Why did they miss out? “Sometimes people aren’t aware that they’re eligible — maybe earlier in their life, they were not eligible, but something has happened; they’ve had a change of circumstances, a life event or death of a partner as an example, where now they’re eligible, but they weren’t before and they don’t know,” Heckman said. Stigma and misinformation are also issues. “A common misperception amongst older adults is that you need to have children in the home or that if they participate, families with children will not be able to participate. And that’s simply not true. The program grows to the size that is needed in communities and states across the U.S.”

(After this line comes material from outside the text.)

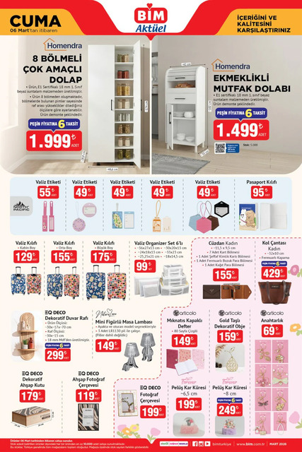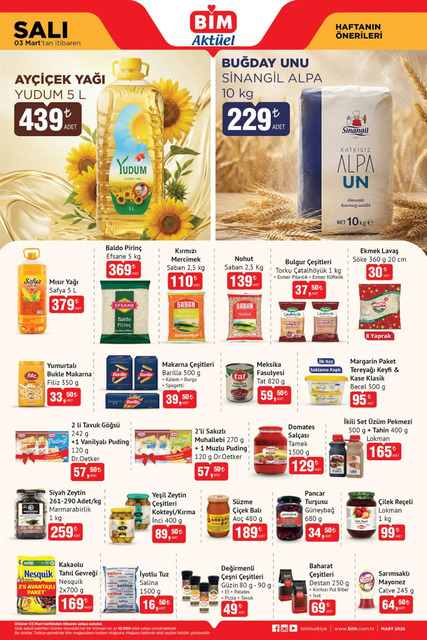 Mart ayına girilmesinin ardından BİM marketlere gelecek yeni ürünler belli oldu. BİM 3-6 Mart aktüel kataloğunda bulunan temel gıda ürünlerinden teknolojik aletlere, çocuk oyuncaklarından kişisel bakım ürünlerine, mutfak araç gereçlerinden seyahat eşyalarına kadar birçok ürün satışa çıkacak. İşte BİM 3-6 Mart Salı ve Cuma aktüel broşürü...

Heckman praised the administration for bringing food insecurity into the spotlight during its White House Conference on Hunger, Health, and Nutrition last September. In conjunction with the conference, the White House announced that as part of more than $8 billion pledged in public- and private-sector contributions, “at least $2.5 billion will be invested in start-up companies that are pioneering solutions to hunger and food insecurity.”
What Clinicians Can Do
Food insecurity among older adults was also the subject of a December hearing held by the Senate Special Committee on Aging. “Congress must continue to support programs like the Older Americans Act Nutrition Program, SNAP, the Senior Farmers Market Nutrition Program, and Senior Food Boxes,” committee chairman Sen. Robert Casey (D-Pa.) said in a press release. “And we must continue work to reduce barriers to access. No senior should have to choose between putting food on the table or taking a needed medication.” Casey has introduced two bills related to the issue: the Senior Nutrition Task Force Act — cosponsored by Sen. Tim Scott (R-S.C.), the committee’s ranking member — would establish an interagency task force to develop ways to combat the problem; and the Tools for Ensuring Access to Meals Act would provide funding to act on the task force’s recommendations.
How can clinicians find out if a patient is food insecure? “We have a wonderful tool, the two-item Hunger Vital Sign, to help clinicians screen for food insecurity,” said Leung. “This tool has been widely adopted in many healthcare systems as part of growing recognition of the importance of food insecurity and other social determinants on health outcomes. I would advise to screen for food insecurity and to identify strategies that the clinic can provide to assist patients with food insecurity,” such as giving out a list of community food pantries and congregate meal sites or partnering with a local food bank to provide SNAP application assistance.
For those who want to learn more, the AARP Foundation and the Food Research & Action Center have developed a free “Screen and Intervene” 1-credit continuing medical education course that providers can take to learn about how to screen for food insecurity in their patients, Heckman said.